“Anita’s Bar” by Eli Levin.
Las Vegas, N.M. — The New Mexico Highlands opening for the Dr. Robert Bell Permanent Art Collection featuring New Mexico painters and printmakers is Oct. 18 from 4 — 5:30 p.m. in the Margaret Kennedy Alumni Hall, 905 University Ave.
The newly established collection at Highlands includes 200 paintings donated by Bell, a Santa Fe art collector, art patron, author and publisher. He is also a longtime Las Vegas ophthalmologist. Renowned social realism painter, printmaker and author Eli Levin of Santa Fe also donated 100 paintings for the collection.
“The power of art to animate the human spirit will speak, through this collection, to present and future generations of students and the wider public alike,” Bell said. “We have absolutely fantastic contemporary artists in New Mexico who rarely get museum shows. There are so many wonderful pieces in this collection.
“The underlying purpose of this collection is to be a teaching collection that’s available to the university’s students, faculty and the community. I want this collection to be accessible for viewing on the walls for people to enjoy,” Bell said.
“Dr. Bell and Eli Levin’s extraordinary generosity and vision in donating this permanent art collection to Highlands University will enrich our university and the Las Vegas community for generations to come,” said Highlands University President Jim Fries. “We are very grateful.”
Levin will give a gallery talk on New Mexico regionalism at the exhibit opening. His work is among the 30 New Mexico artists featured in the show, which continues through Dec. 18.
“Eli is an internationally known master painter who lives his art, painting every day,” Bell said. “After moving to Santa Fe in 1964, he founded the Santa Fe Etching Club, which is active to this day. Over the years, Eli has inspired and taught so many artists. He’s extremely generous in sharing his vast knowledge, materials and studio space.”

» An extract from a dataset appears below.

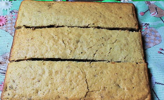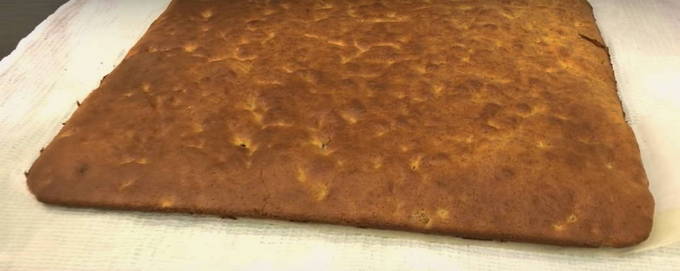 - Zet de oven 180 graden aan. Leg het deeg erin en bak 20-25 minuten. We verspreiden een licht vochtige handdoek op het werkoppervlak van de tafel en verwijderen het perkament. Leg de afgewerkte cake erop en verdeel deze in drie gelijke delen, indien gebakken op een grote bakplaat (als je twee kleinere cakelagen hebt, verdeel ze dan in twee gelijke delen).

Acclaimed poet, art critic, and art curator James Mann, a longtime friend of Bell’s, will curate the opening exhibit. He was the curator of the Las Vegas Art Museum in Nevada from 1996 — 2005, where he originated more than 50 exhibitions.
Mann, who holds a Ph.D. in English and is a Fulbright grant winner, taught American literature at universities in the United States, France, Argentina and Brazil. His book, Art After Post-Modernism, is in process and he has authored other art books.
“This new collection at Highlands spans more than five decades of art produced in Santa Fe and New Mexico,” Mann said. “The subject matter encompasses New Mexico’s landscapes, people, architecture and culture. The work is truly exceptional for its time and place. The artists employ figural imagery, which is one of the characteristics of advanced contemporary art.
“It’s very rare for a collection of this size, excellence and variety to be donated to a university. Highlands is fortunate indeed to have such a resource for its students and the community,” Mann said.
Bell said the permanent art collection will be rotated through future exhibits. In addition, the goal is for Highlands University fine arts faculty and students to be involved with future juried art shows.
“In collecting art, I was inspired by a New Deal-era Works Progress Administration program that made art available in small museums in rural areas,” Bell said. “People love art. When it’s available, they take advantage of studying it, viewing it, and enjoying it. Highlands is a perfect place to have an art collection of this kind.”
Since 2001, Bell has donated more than 2,000 fine art prints from his own collection to Highlands University, ranging from the work of contemporary Northern New Mexico printmakers to masters such as Rembrandt, Renoir, Goya and Picasso.
This collection has been housed in an art viewing room in Donnelly Library, where Bell presents a popular fine art print lecture series for students and the community.
The university’s fine art print collection will now be housed in a secure viewing room adjacent to the Margaret Kennedy Alumni Hall. The room is being named for two physicians, Sheryl and George Talbot, who have made donations to the university’s fine art print collection. They plan to continue to support the installation and maintenance of the collection.
The Talbots have been friends with Bell since they met in medical school.
Bell is the publisher of Bell Tower Editions, a series of books on New Mexico art and artists. Some titles include Fifteen Santa Fe Artists, which Mann authored, and 100 Santa Fe Etchers, which the two co-authored.
In 2013, Bell published and edited Elizabeth Orem’s book, A Fine Frenzy — New Mexico Highlands University Artists and Teachers in the 1960s. The book is available at the exhibit opening through the Highlands University Foundation.
Bell grew up in Pontiac, Mich., the son of public school teachers who were also amateur artists. He said he has the “collection gene,” and became fascinated with fine art prints as a teenager — spending his paper route and lawn mowing money buying prints for 50 cents to a dollar at old book stores in Detroit.
While fine art prints and paintings are his passion, medicine is Bell’s profession. He graduated from the Yale University School of Medicine in 1975 and has been an ophthalmologist in Las Vegas since 1980.
“My philosophy is that it’s important to give back to the community that has supported me,” Bell said.